Due to the publishing contract with id Software, Softdisk obtained ownership of both the 3D engine as well as the intellectual property of Catacomb 3-D. This enabled the company to create additional 3D games in the Catacomb series, but a completely new in-house team of game developers had to be formed at Softdisk to fill the gap that was left by the founders of id Software. Head of the new team became game designer Greg Malone, who had previously designed Moebius and its sequel Windwalker. He was joined by programmers Mike Maynard and Jim Row. Some of the enemy designs that Adrian Carmack created for Catacomb 3-D were reused in Catacomb Abyss, but most of the artwork in the game was produced from scratch by artists Jerry K. Jones, Carol Ludden and Steven Maines. The new team spent most of 1992 to produce Catacomb Abyss and its sequels Catacomb Armageddon and Catacomb Apocalypse. Near the end of 1992, Gamer's Edge was discontinued. Mike Maynard and Jim Row left Softdisk to form their own game development company JAM Productions, where they developed Blake Stone: Aliens of Gold. Game designer Greg Malone would later become the creative director for Duke Nukem 3D.

==Release==
With around 3000 subscribers, the disk magazine Gamer's Edge never became a commercial success. Therefore, after having witnessed the success of the shareware title Commander Keen, Softdisk management decided to adopt the shareware model for Catacomb Abyss. Gamers could freely play and distribute the shareware version of Catacomb Abyss. Included with the shareware version was an electronic catalog, which advertised the registered version of Catacomb Abyss, as well as the two sequels Catacomb Armageddon and Catacomb Apocalypse. Customers could call Softdisk to order these three games. The registered version of Catacomb Abyss comes packaged with a hint manual, but otherwise contains the same set of levels as the shareware version.

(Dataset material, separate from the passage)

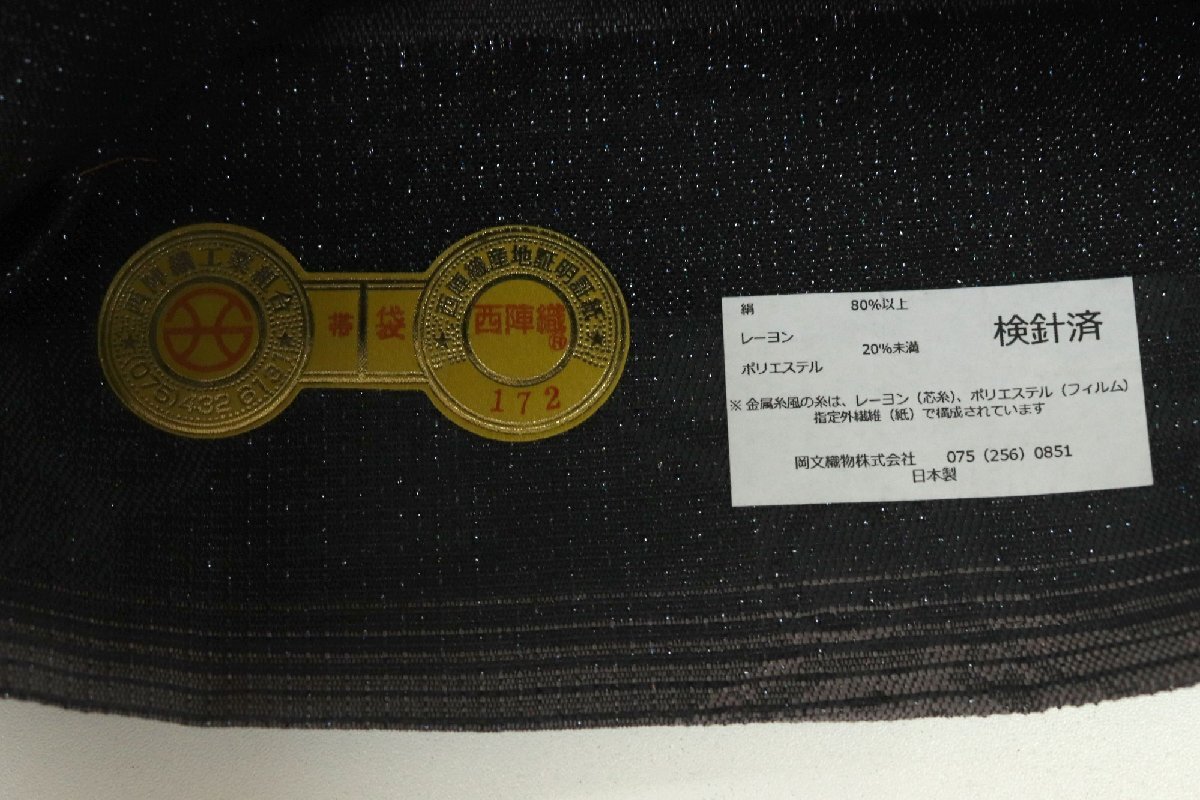 落款・証紙 | 西陣織工業組合 証紙No,172 岡文織物 謹製 | |

The Catacomb series were acquired by the software company Flat Rock Software in 2012, who sold the games as downloads via their site flatrocksoft.com. In March 2013, the Catacomb series were published on GOG.com as the Catacombs Pack. The DOS emulator DOSBox is included with the Catacombs Pack to enable support for Microsoft Windows and Linux.

==Reception==

Review score
| Publication | Score |
|---|---|
| PC Joker | 65% |

===Contemporary reviews===
American computer game magazine Computer Gaming World published a review in May 1993. It calls The Catacomb Abyss "very enjoyable" despite the "minimal" EGA graphics and sound. The review warns that some gamers might experience motion sickness due to the game's 3-D smooth scrolling technique.

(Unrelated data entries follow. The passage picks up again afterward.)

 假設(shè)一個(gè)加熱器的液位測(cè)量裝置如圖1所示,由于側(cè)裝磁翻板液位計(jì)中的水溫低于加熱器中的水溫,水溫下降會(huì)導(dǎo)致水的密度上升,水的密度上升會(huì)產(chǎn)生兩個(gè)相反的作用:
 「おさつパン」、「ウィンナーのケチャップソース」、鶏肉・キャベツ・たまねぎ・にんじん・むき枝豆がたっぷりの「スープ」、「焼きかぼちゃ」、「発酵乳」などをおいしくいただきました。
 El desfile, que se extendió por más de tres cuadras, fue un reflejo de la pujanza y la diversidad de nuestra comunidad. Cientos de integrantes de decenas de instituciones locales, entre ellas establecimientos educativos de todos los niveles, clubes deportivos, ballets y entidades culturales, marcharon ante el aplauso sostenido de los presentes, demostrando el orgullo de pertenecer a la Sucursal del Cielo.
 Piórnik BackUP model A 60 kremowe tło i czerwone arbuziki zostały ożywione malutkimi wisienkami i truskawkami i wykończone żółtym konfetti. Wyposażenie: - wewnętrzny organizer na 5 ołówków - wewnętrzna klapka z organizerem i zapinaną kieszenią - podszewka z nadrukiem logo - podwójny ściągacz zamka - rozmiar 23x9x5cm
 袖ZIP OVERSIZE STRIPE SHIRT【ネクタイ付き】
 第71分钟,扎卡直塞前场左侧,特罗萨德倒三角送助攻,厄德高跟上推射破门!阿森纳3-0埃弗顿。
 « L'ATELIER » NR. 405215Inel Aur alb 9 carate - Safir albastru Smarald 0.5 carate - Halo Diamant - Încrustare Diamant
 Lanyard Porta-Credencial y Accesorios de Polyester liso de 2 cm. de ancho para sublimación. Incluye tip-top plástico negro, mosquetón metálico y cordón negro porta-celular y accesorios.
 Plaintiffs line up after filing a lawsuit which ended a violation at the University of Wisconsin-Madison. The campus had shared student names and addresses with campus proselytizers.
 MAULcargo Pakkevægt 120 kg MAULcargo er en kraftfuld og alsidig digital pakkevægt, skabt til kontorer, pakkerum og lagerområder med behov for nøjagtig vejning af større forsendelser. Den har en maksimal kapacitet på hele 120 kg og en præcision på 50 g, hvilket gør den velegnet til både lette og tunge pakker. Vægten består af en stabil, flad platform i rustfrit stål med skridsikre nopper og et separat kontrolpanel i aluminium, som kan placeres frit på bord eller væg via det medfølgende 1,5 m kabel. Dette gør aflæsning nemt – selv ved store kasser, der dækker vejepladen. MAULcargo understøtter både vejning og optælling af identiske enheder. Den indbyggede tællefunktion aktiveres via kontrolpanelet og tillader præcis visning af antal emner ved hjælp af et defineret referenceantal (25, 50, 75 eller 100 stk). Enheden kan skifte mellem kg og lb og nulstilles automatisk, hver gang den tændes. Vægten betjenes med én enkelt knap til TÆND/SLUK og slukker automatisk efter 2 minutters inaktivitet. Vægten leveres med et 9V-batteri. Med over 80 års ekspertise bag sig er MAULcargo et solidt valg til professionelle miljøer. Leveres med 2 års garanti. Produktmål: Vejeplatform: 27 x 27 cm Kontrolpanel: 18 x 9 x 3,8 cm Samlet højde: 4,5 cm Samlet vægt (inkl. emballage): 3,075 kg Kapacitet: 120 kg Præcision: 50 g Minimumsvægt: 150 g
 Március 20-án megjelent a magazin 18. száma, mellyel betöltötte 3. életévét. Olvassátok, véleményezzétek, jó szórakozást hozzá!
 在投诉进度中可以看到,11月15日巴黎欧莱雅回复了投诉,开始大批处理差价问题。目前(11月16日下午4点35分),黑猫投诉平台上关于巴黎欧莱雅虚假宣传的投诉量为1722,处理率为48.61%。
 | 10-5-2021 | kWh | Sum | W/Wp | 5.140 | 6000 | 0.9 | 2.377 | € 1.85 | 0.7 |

British video game magazine PC Zone also noted in May 1993 that the 3D graphics do not scroll as smooth compared to Wolfenstein 3D. On long playthroughs this can become irritating, but the reviewer also states that the gameplay in the Catacomb series is better compared to Wolfenstein 3D. They praised "the atmosphere of real tension" in the games and considered Catacomb Abyss a good showcase of what shareware games can offer.

German PC gaming magazine PC Games reported in their March 1993 issue that Catacomb Abyss was brought on the German market as an alternative to the id Software game Hundefelsen 3D. At that time German gamers used Hundefelsen 4C as a codename for Wolfenstein 3D, a game that was banned in Germany for portraying Nazis. The review from PC Games states that "Catacomb Abyss is very playable and fascinating due to the well animated 3D perspective". The reviewer warns that a fast computer is required, as the game is a "first class resource guzzler", but "the great 3D graphics contribute a lot to the atmosphere and the fun of the game".

German video gaming magazine PC Joker reviewed the Catacomb 3D Adventure series in their November 1993 issue. According to the review, the "well camouflaged secrets, variety of bonus items lying around, hidden scrolls, nice graphics and fine sounds create a mood". It concludes that "right from the start, the game has made a passable figure on the full-price market".

===Retrospective reception===
PC Gamer did a retrospective review of Catacomb Abyss in 2021 and describes the game as "incredibly primitive", containing "some of the most eye-poppingly awful wall textures ever". What makes the game interesting is the different design choices compared to popular contemporary games. As such it offers "an interesting glimpse at a direction shooters could have gone, had Wolfenstein and Doom not laid down the templates for the next few years". PC Gamer describes the ability to freeze time as an "extremely cool" feature that resembles the visual effect known as bullet time.

The review from gaming website GameFAQs states that Catacomb Abyss is graphically a bit better compared to Catacomb 3-D, with better use of the color palette and some interesting effects, like animated walls, a level flooded with water and lightning in outdoor levels. On the downside, the game is considered to be too easy.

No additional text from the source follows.